What is scariest about the Katie and Keller is that I haven't found them at any retailer. I doubt the manufacturer will give you your money back if you buy the jig and find that it doesn't work as advertised. 

Anyway, I apologize for the rant, but I assume I'm not the only woodworker who has felt that pain. I'll do my research on the General EZ Pro. 

I also found the Woodhaven 7602 Dovetail Jig this morning which appears like it can be used in a router table as well. I'll do some research into that as well. I am very excited about these jigs and can't wait to make some beautiful drawers.


Thanks for the Advice Everyone!
Steven


----------



## CanuckGal (Nov 26, 2008)

BJ I am curious, doesn't the EZPro jig also do through dovetails? Why don't you recommend it for them?


----------



## bobj3 (Jan 17, 2006)

Hi Deb

Yes, it can do the through dovetails but they are kind of funny looking that's to say they have rounded ends on them and a PITA to use the jig for that type.. I would need to take a snapshot of the manual to show you how they look and how they are put in place, I will if you want to see it.



======



CanuckGal said:


> BJ I am curious, doesn't the EZPro jig also do through dovetails? Why don't you recommend it for them?


----------



## bobj3 (Jan 17, 2006)

Hi Steven

" I doubt the manufacturer will give you your money back if you buy the jig and find that it doesn't work as advertised. "

Drop a call to Marc at Sommerfeld Tools he will back his tools 100% and if your are happy he will refund or make it right, he is the big boss and will talk to you any time, Great guy..

The Katie jig can be adjusted to put in many patterns not just one type,like one big dovetail in a 6" wide board, just by moving the spacers around.

===



JavaGeek said:


> Gentlemen,
> Thank you for the responses. I am glad that 2 people had good results with the General jig. I love the notion of using a router table to cut dovetails and maybe even not using bushings. I was scared off by the negative reviews.
> 
> I'll definitely check out the General Tools jig as I can get it for $40 at my local Home Depot and return it if there are issues.
> ...


----------



## CanuckGal (Nov 26, 2008)

BJ I checked the manual, I see what you mean. I never noticed that before. Thanks.


----------



## del schisler (Feb 2, 2006)

*dove tale jig*

here is the one i have been using for probly 3 yrs It works for me I make jewelry box's One set up on the jig I use 2 router tables One for the dovetale and one for the pin's Here is the link A little pricey but works The Japan Woodworker Catalog - Gifkins Dovetail and Box Jig


----------



## Cochese (Jan 12, 2010)

Timely thread. I'm thinking about picking up a jig, and was looking at the Rockler one. The EZ Pro is the one to get on a budget, eh? (As in, not wanting to spend $200 on just the jig) I suppose the 4216 is an option, but it's right at that price point I don't want to spend.


----------



## JavaGeek (Jul 25, 2010)

*EZPro fail*

Hello All,
So I managed to return my Rockler Jig. I am very happy to have it off my hands. I tried the General EZ Pro and may have to return it as well. Here's my observations:


It is well designed for 3/4" stock, but not for other sizes. You can probably buy different bits or different size bearings, but I doubt you will have much luck with 1/2" stock. For example, the pins guide strongly assumes a specific size of dovetail, which requires the bit to be at 1/2" height. 
The clamps are useless....unless you're using pine or softwood. I could not get them tight enough to secure oak and I was using a brand new bit and screwing the piece in until it dented the oak and bent the jig. 

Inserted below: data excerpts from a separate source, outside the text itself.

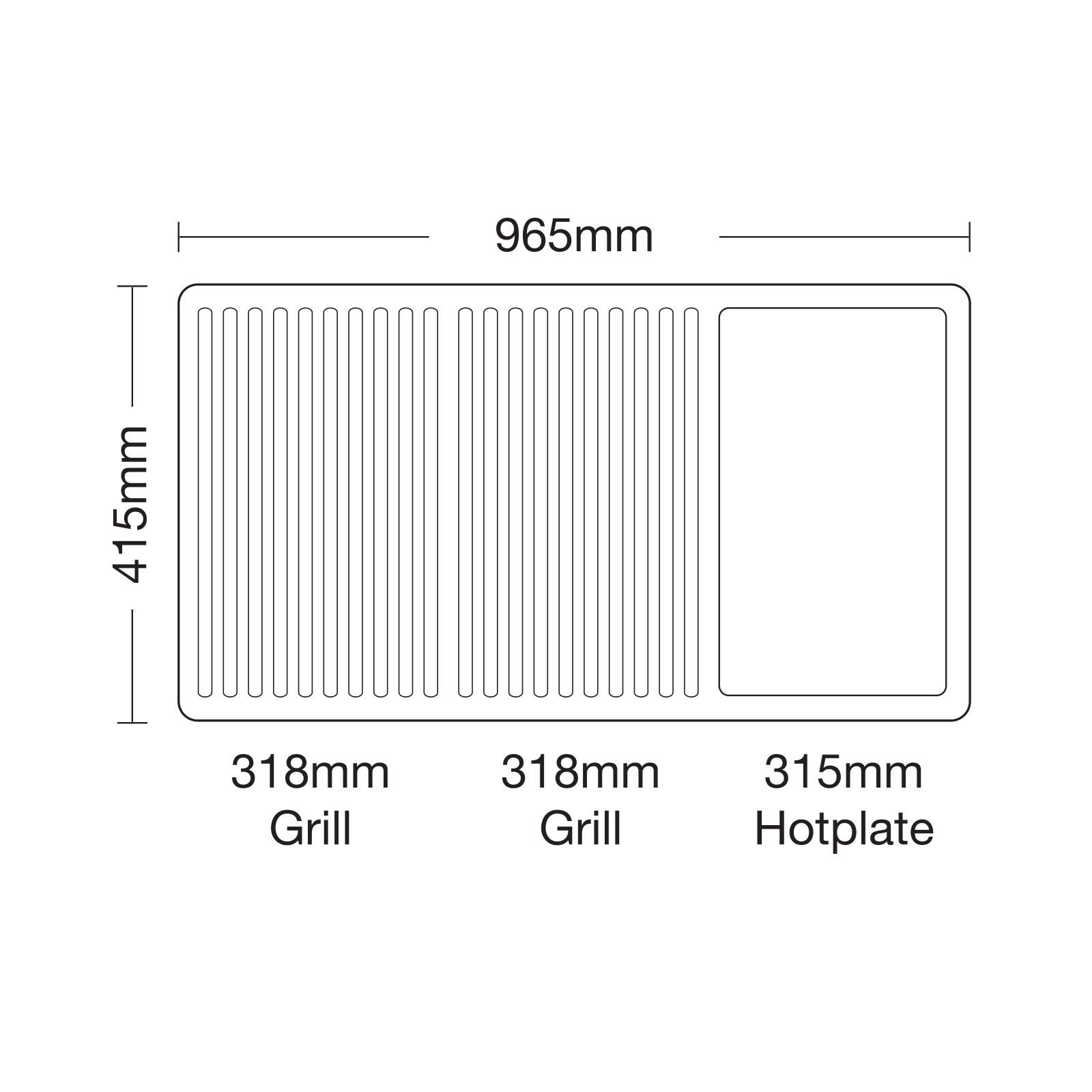 Hotplate & Grill (mm) | Plate - 315 W x 415 D Grill - 318 W x 415 D x 2 |
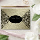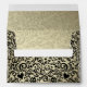 This envelope design features a Gold background beautifully accented with an ornate black damask pattern. The intricate floral and heart motifs create a luxurious and dramatic effect, while the dark tones bring out a sense of sophistication and mystery. The central area is kept clean for customisable text, framed elegantly by the rich ornamental design.
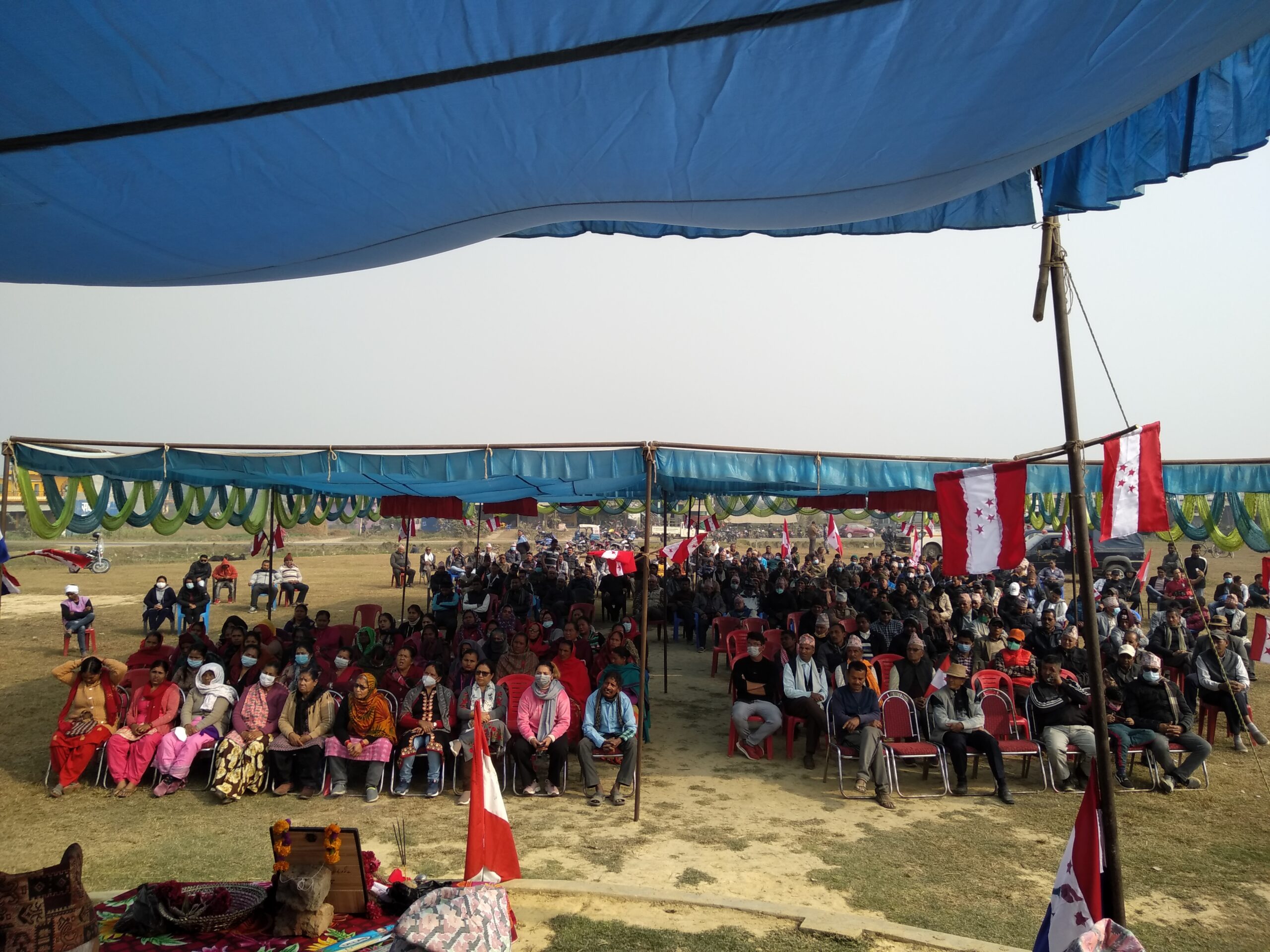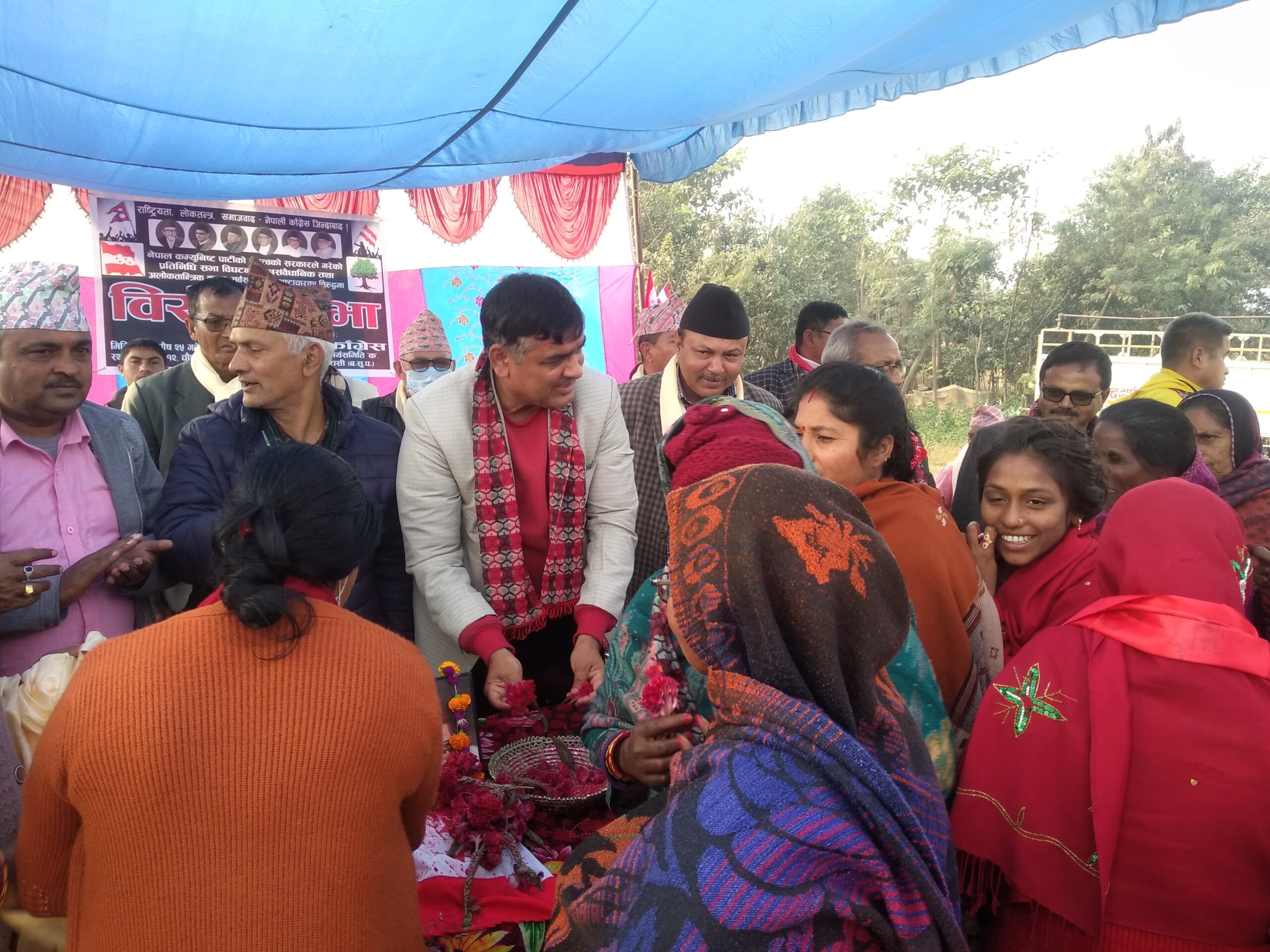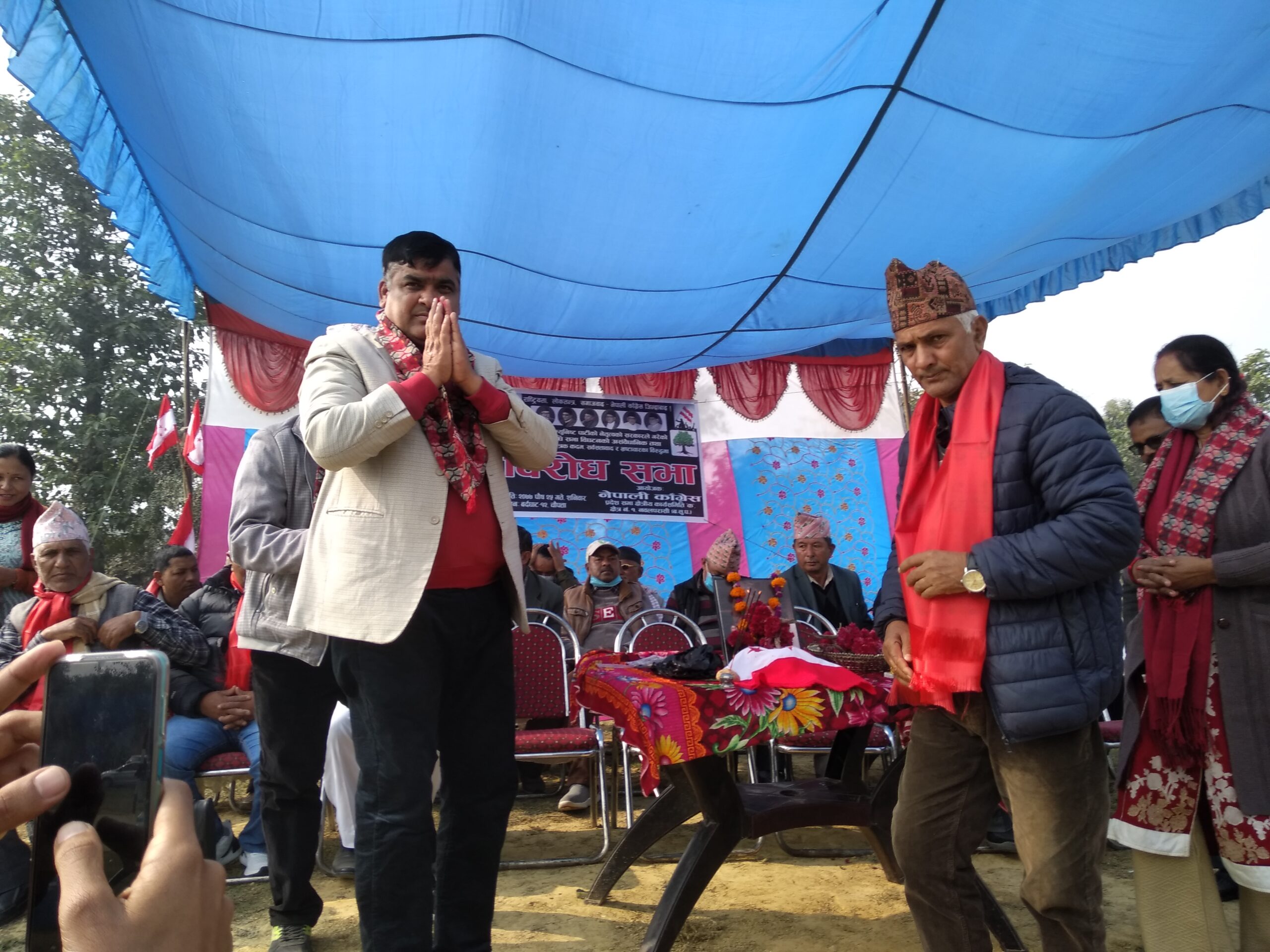 उमेश बि.क / नवलपरासी ,२५ पुस नेपाली काँग्रेसले शनिबार देशभर अाेलि सरकारविरुद्ध प्रदर्शन गरेको छ । देशव्यापी विरोध प्रदर्शन गरेको काँग्रेसले बेजोडको शक्ति प्रर्दशन गरेको दावी गरेको छ । सरकार भ्रष्टाचार, कुशासन र अधिनायकवादतर्फ उन्मुख भएको भन्दै काँग्रेसले देशव्यापी विरोध प्रदर्शन आयोजना गरेको हो । नेपाली कांग्रेस पार्टीले सञ्चालन गरेको देशब्यापी विरोध प्रदर्शन पश्चिम नवलपरासीमा पनि सम्पन्न गरिएको छ । नेपाल कम्युनिस्ट पार्टीको नेतृत्व सरकारले गरेको प्रतिनिधिसभा बिगठनकाे असम्बैधानिक तथा अलाेकतान्त्रिक कदम सर्वसत्तावाद र भष्टचारका विरुद्धमा नेपाली काङ्ग्रेस प्रदेश क्षेत्रीय कार्यसमिति क १ काे सभापति बेद प्रसाद शर्माकाे अध्यक्षता तथा संविधानसभा सदस्य विक्रम खनालकाे प्रमुख अातिथ्यतामा विरोध सभा कार्यक्रम सम्पन्न भएको हाे। विरोध सभालाई सम्बाेधन गर्दै संविधानसभा सदस्य विक्रम खनालले कम्युनिस्ट सरकार बलत्कार ,छाडातन्त्र र अशान्ति बाहेक कुनै काम नगरेको भन्दै यस्ता भष्टचारीहरुलाई सत्तबाट हटाउन जरुरी रहेको बताउनु भएको हाे। नेपाल दु:खमा पर्दा काेराेनाकाे बिषम परिस्थितिमा पनि लुटतन्त्र माैलाएकाे र रेल ,पानी जहाज ,घरघरमा ग्यास ल्याउने कुरा नेकपाकाे सडयन्त्र मात्र रहेको कुरा चर्चा गर्नुभएको हाे।अाफ्नाे कार्यकालमा अाफुले ठुलो विकास निर्माण कार्य गरेको बताउदै अाेलि सरकार र नेकपा पार्टी भष्टचारमा लिप्त भएकाे बताउदै नेपाली काङ्ग्रेस बाहेक अन्य कुनै बिकल्प नरहेकाे कुरामा जाेड दिनुभएको हाे। साथै नेपाल कम्युनिस्ट पार्टीको नेतृत्व सरकारले गरेको प्रतिनिधिसभा बिगठनकाे असम्बैधानिक कामप्रति घाेर अापत्ति जनाउनु भएको हाे। विराेध प्रदर्शन कार्यक्रममा निवर्तमान जिल्ला उपसभापति दिप प्रसाद लाेहनि,जिल्ला सदस्य विश्वप्रेम पाठक ,नेता तपचन्द्र विश्वकर्मा ,महासमिति सदस्य अनिल गाैड ,नेपाल महिला संघ जिल्ला सभापति कमला पराजुली ,काङ्ग्रेस नेता मान बहादुर थापा,तरुणदल जिल्ला सभापति सुक बहादुर गुरुङ,बर्दघाट नगर सभापति सम्भुलाल श्रेष्ठ ,नेपाली काङ्ग्रेस सरावल गाउँपालिका सभापति बिनाेद पाण्डेय , नेपाल विद्यार्थी संघका नेता ददिराम पाैडेल,नेपाली काङ्ग्रेस प्रदेश क्षेत्रीय कार्यसमिति क १ काे सचिव दिपक बराल लगाएतले नेपाली काङ्ग्रेसको अगुवाइमा धेरै विकास निर्माणका कार्य भएको र हाल केपि अाेलि सरकारले देसमा ज्यादती गरेको छ । नेपालको संविधान जाेखिममा रहेको हुदा प्रत्येक जनता केपिकाे कुकार्य प्रती अवाज उठाउन जरुरी छ ।बाम पार्टी निजि स्वार्थमा देशलाई लुटिरहेका छन। केपि अाेलि र बिद्या भण्डारीले देशका जनतालाई दुखमा धकेलिएको कार्यप्रती अब नेपाल

I was using a router table, if that matters. 

The EZ Pro has great potential. If I was dovetailing 3/4" pine, I'd be ecstatic. I am using maple and oak and the stock kept moving while being routed. I even tried being both feeding the stock quickly and forcefully and slowly and forcefully. My pine test pieces looked great. Unfortunately, I ruined some very nice wood and and am sad for the loss of some beautiful maple. 

I am getting sick of buying woodworking equipment that I have to "hack" in order to get working. The EZ Pro is a great design, but they need better clamps. their clams are the cheapest, most pathetic attempt I have ever seen. I am sure I can glue sandpaper to the jig or something like that, but it would be better just to return it and save up for an expensive jig. 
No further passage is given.